I have one Bengal but am not an expert. My guess, a non Bengal mix, doesn't like a Bengal head/face to me.


----------



## Jenny4321 (Apr 3, 2021)

Thanks. Guess he/she is a very pretty tabby.


----------



## Raq (Feb 2, 2021)

Hi! My guess is a marbled DSH


----------



## pnr (Apr 11, 2021)

It looks like a tabby because it has an M marking on it's head. Also I read that tabby is a cat's markings and not a breed of cat.


----------



## BobBengal (May 6, 2018)

Right, but Bengals can have the M too.


----------



## MaumauTigerlily (Jun 2, 2021)

That is a mackerel or marbled tabby. Not a Bengal. A Bengal has more tiger looking stripes and is very unique looking. this is a Bengal cat breed.
this one is a cat with mackerel tabby markings. this is a cat with marble tabby markings.
Hope this helps. It can get confusing.


----------



## MaumauTigerlily (Jun 2, 2021)

I meant that Bengals have leopard like spots, not tiger stripes like the mackerel coat.. My bad.


----------



## Jenny4321 (Apr 3, 2021)

Thanks, you are 100% correct. Never knew tabbies got so fancy! He was a stray who returned home.


----------



## BobBengal (May 6, 2018)

@MaumauTigerlily thanks for the photos. If you look at the top right corner of your post there are 3 vertical dots, if you click that you can edit your post.

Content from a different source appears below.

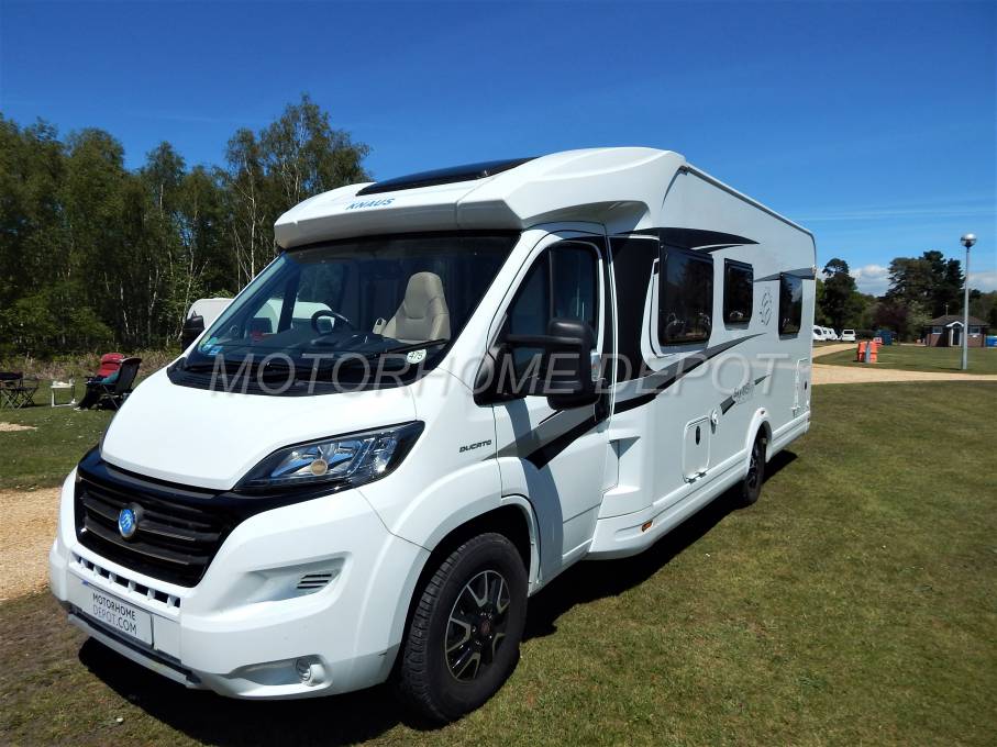 Knaus is one of Germanies most respected motorhome manufacturers & the Sky Ti 700 MX is a great example of its work. Based on the ever popular Fiat Ducato chassis with the 2.3L 150 bhp multijet diesel engine. Comformatic 6 speed automatic gearbox, it has had one owner from new & covered only 10,876 miles, it comes with an immaculate service history having had all its wok carried out by Southdowns in Portsmouth last service & Hab check 07/20 it is booked for both on the 14/07/21. The Cab benefits from: Cruise control; driver and passenger airbags, Cab air conditioning, electric front windows, electric mirrors, factory head unit with navigation & Bluetooth phone and streaming; multi-function steering wheel; 2 x rear view camera screens; Central locking; Alloy wheels.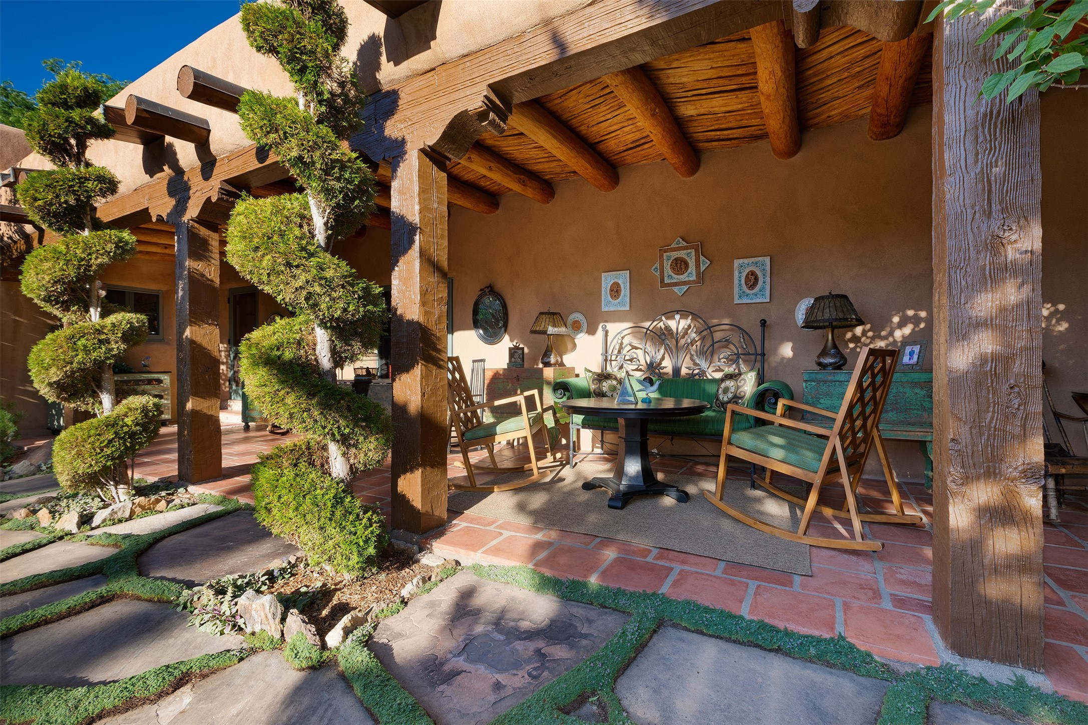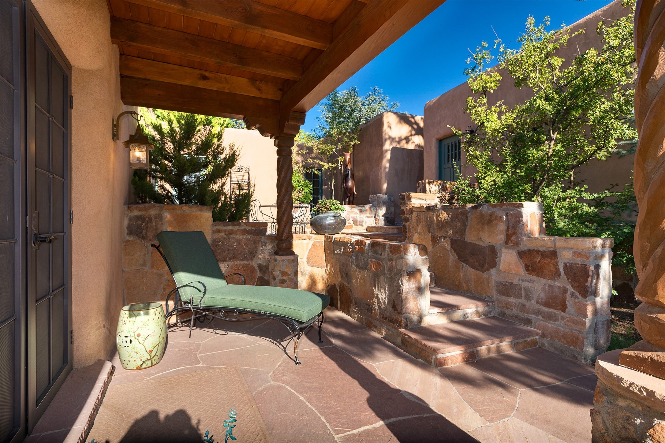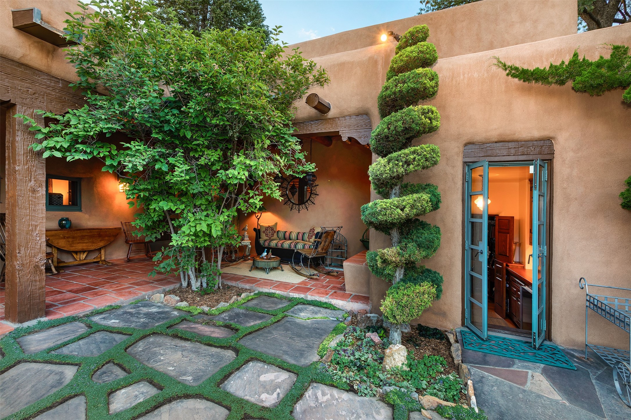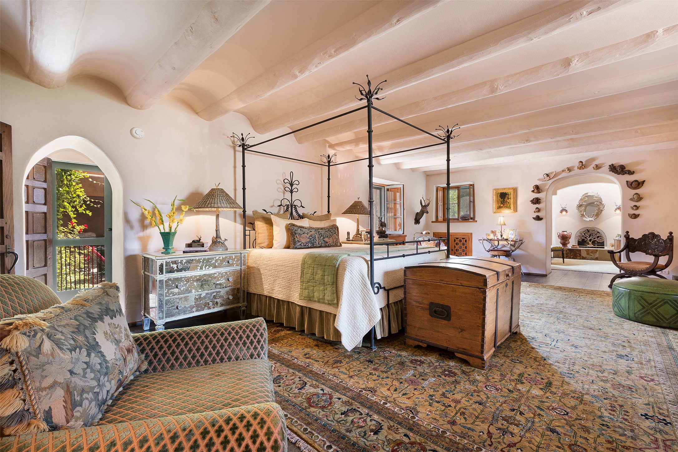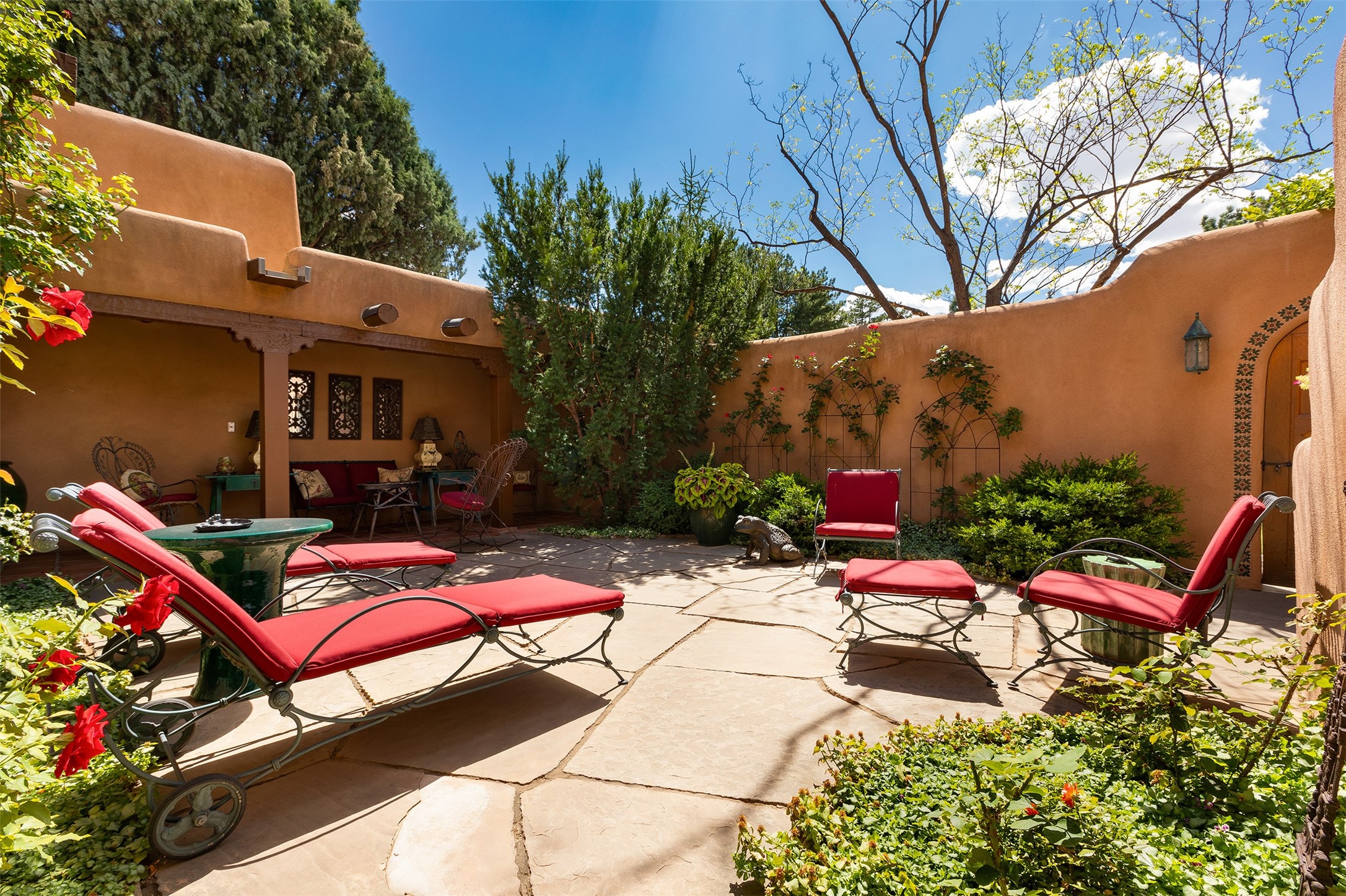 Historic Compound being offered for the first time in 40 years!Strolling up the historic Camino del Monte Sol in the heart of Santa Fe, you come upon the entrance of a quintessential example of sophisticated Santa Fe style, a historic versatile compound surrounded by magnificent grounds, trees, and stone walls. As you enter the gates and leave the world behind... you step back in time and are embraced by the immediately tranquil privacy of a secret oasis of gardens and meadows with views of the Sangre de Cristo Mountains. The multiple dwelling compound is the finest example of Pueblo style Spanish Colonial architecture in Santa Fe, built in 1918 and fully restored with original doors, windows, lintels, vigas, and extraordinary coved and carved ceilings, with spacious volume throughout. The serene portal with mature topiaries overlooks the elegant terrace and magical fountain. The charming gatehouse is a quiet, calm refuge enveloped in nature. The historic casitas are nestled between winding walkways, exploding with flowering gardens and a field of specimen trees. This unique estate was the epicenter of collaboration of Los Cinco Pintores and the Taos School Artists. Resting on 2.21 acres, the expansive estate is zoned R5, offering a multitude of exceptional development opportunities to elevate the property. It is, in every sense, incomparable.

Bengals can be confusing, so many patterns and colors.


----------



## MaumauTigerlily (Jun 2, 2021)

Jenny4321 said:


> Thanks, you are 100% correct. Never knew tabbies got so fancy! He was a stray who returned home.


Aw well I'm glad he found his home, that's good. Yea I had actually not even seen a marble cat before.


----------